## BRIEF
Output all of the lines below exactly, and leave out each image.

## INFORMATION PROVIDED

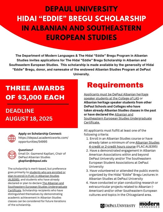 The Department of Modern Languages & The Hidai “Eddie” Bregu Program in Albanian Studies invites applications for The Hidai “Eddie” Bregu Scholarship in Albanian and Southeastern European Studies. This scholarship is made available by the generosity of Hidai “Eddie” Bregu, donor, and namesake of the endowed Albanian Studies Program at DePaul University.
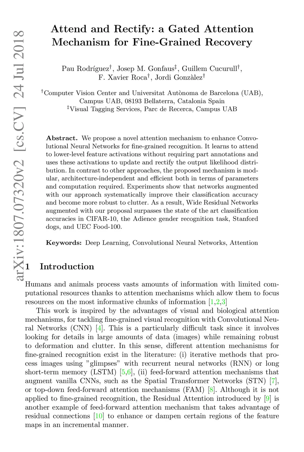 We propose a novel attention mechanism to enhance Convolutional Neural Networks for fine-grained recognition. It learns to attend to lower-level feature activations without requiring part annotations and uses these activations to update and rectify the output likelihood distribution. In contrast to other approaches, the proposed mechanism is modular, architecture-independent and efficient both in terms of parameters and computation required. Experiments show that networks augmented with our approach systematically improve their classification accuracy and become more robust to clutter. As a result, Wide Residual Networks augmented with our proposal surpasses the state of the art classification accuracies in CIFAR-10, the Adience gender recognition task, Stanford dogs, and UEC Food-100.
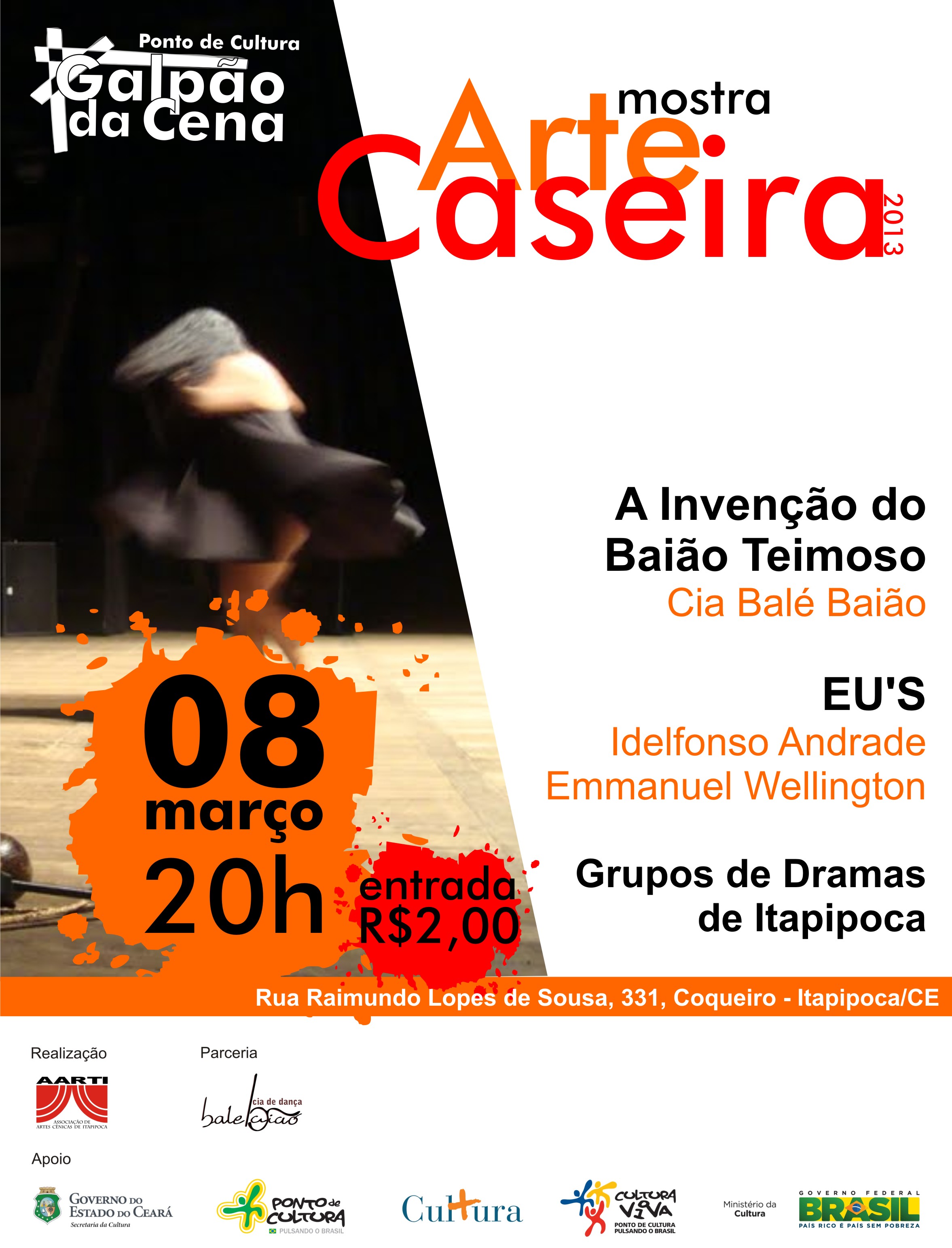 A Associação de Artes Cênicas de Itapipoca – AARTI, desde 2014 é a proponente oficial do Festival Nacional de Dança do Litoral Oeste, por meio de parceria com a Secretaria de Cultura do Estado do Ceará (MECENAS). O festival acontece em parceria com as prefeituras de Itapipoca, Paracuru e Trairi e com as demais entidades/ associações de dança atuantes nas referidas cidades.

## EXERCISE RESPONSE
 The Department of Modern Languages & The Hidai “Eddie” Bregu Program in Albanian Studies invites applications for The Hidai “Eddie” Bregu Scholarship in Albanian and Southeastern European Studies. This scholarship is made available by the generosity of Hidai “Eddie” Bregu, donor, and namesake of the endowed Albanian Studies Program at DePaul University.
 We propose a novel attention mechanism to enhance Convolutional Neural Networks for fine-grained recognition. It learns to attend to lower-level feature activations without requiring part annotations and uses these activations to update and rectify the output likelihood distribution. In contrast to other approaches, the proposed mechanism is modular, architecture-independent and efficient both in terms of parameters and computation required. Experiments show that networks augmented with our approach systematically improve their classification accuracy and become more robust to clutter. As a result, Wide Residual Networks augmented with our proposal surpasses the state of the art classification accuracies in CIFAR-10, the Adience gender recognition task, Stanford dogs, and UEC Food-100.
 A Associação de Artes Cênicas de Itapipoca – AARTI, desde 2014 é a proponente oficial do Festival Nacional de Dança do Litoral Oeste, por meio de parceria com a Secretaria de Cultura do Estado do Ceará (MECENAS). O festival acontece em parceria com as prefeituras de Itapipoca, Paracuru e Trairi e com as demais entidades/ associações de dança atuantes nas referidas cidades.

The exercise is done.